I first suppose there is a closed interval $[0, a]$ on the real line. Since $f$ is differentiable, there exists a $x_0\in[0, a] $ such that $\frac{f(a)-f(0)}{a}=f'(x_0)=f(x_0)$. Thus when $f(a)=1$, $f(x_0)=0$. Then I just let $f(a)=1$ and try to find some contradictions. Since $f(a)=f(0)=1$, by Rolle thorem, there should exist a $x_1\in[0, a]$ such that $f'(x_1)=f(x_1)=0$ and this $f(x_1)=0$ is supposed to be the maximum or minimum on the interval $[0,a]$. Then apply MVT again on the interval $[0, x_0]\implies\frac{f(x_0)-f(0)}{x_0}=\frac{-1}{x_0}=f'(x_2)=f'(x_2)\implies-1=x_0f(x_2)\implies f(x_2)<0$ for a point $x_2\in[0, x_0]$. The existence of $x_2$ make sure that $f(x_1)=0$ is not the minimum on $[0, a]$ and since $0<f(0)=f(a)=1\implies f(x_1)$ is not the maximum on the $[0, a]$. Also if there exists other points $\beta$, for example, and $f(\beta)$ is the maximum of $[0,a]$ this implies that $f'(\beta)=0=f(\beta)$ the contradiction remains. Thus $f(a)\neq 1\implies f(x_0)\neq 0$. Since $a$ is an arbitrary real number, this means $f$ has no zero point on $[0,\infty]$. By the similar idea $f$ doesn't have zero point on $[-\infty, 0].

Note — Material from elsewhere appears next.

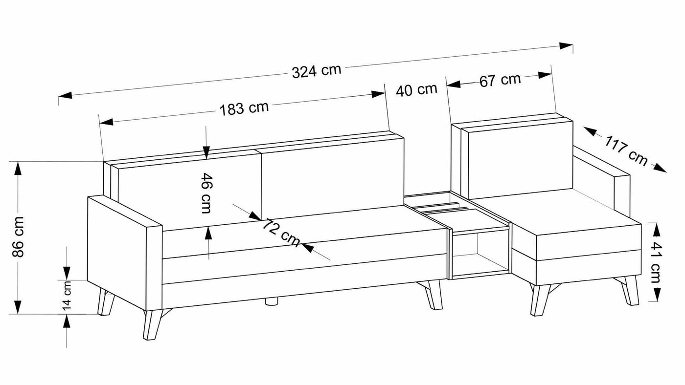 Avec une largeur de 324 cm, une hauteur de 86 cm et une profondeur de 117 cm, ce canapé offre un grand espace pour vous et vos invités. Que vous organisiez une petite réunion ou que vous profitiez simplement d'une soirée tranquille à la maison, ce canapé est l'endroit idéal pour se détendre et se relaxer.

Is this a correct idea? And any shorter version of proof? Thanks in advance!
Best Answer
Let $g(x) = f(x)e^{-x}$. Then, $g$ is a differentiable function on $\mathbb R$. By the product rule, $g'(x) = 0$. So, $g$ is constant. Since $f(0)=1$, we have $g\equiv 1$. This proves $$f(x)=e^x$$ so that $f$ has no zeros.